Nabulsi Roundabout Turn?

Thursday’s calamity at Nabulsi continues to reverberate. There are many reports on different versions of what happened (for example, here and here and here). A March 1 report by the Wall Street Journal is most coherent with what I am hearing from other usually credible sources. (I was airborne at the time.) A Friday report in the Financial Times provides meaningful context (and independent confirmation) for details outlined by the WSJ reporters. Included in the FT’s context is an update on inbound freight (non-)flows to Gaza as shown below.
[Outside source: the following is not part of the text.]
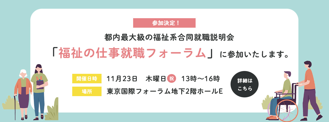 | 2021.05.27 | 令和3年度東京都介護職員就業促進事業受け入れ事業所に認定されました。 無資格で介護職のお仕事をお探しの方に向けた支援となります。詳しくはこちら |

Since at least December there has been an increasingly urgent need to practically increase flows of food and other essentials irrespective of a ceasefire, even in the midst of active warfare (see here and here). Last week Israel Defense Forces began their own efforts in this regard. The food convoy at Nabulsi was the fourth such convoy organized and directly supported by the IDF. In response to this calamity the United States has now followed the lead of Jordon and France to undertake airdrops of essential supplies (here and here and here ). According to US Central Command, late Saturday afternoon (local time), “U.S. C-130s dropped over 38,000 meals along the coastline of Gaza allowing for civilian access to the critical aid” (more and more). As this suggests, airdrops are volume-deficient, but better than the current next-to-nothing. (There can be serious velocity issues too, see here.) Potential maritime deliveries could result in improved volumes and velocity — if upstream pipelines and downstream distribution are also effectively deployed. Lots of big ifs here.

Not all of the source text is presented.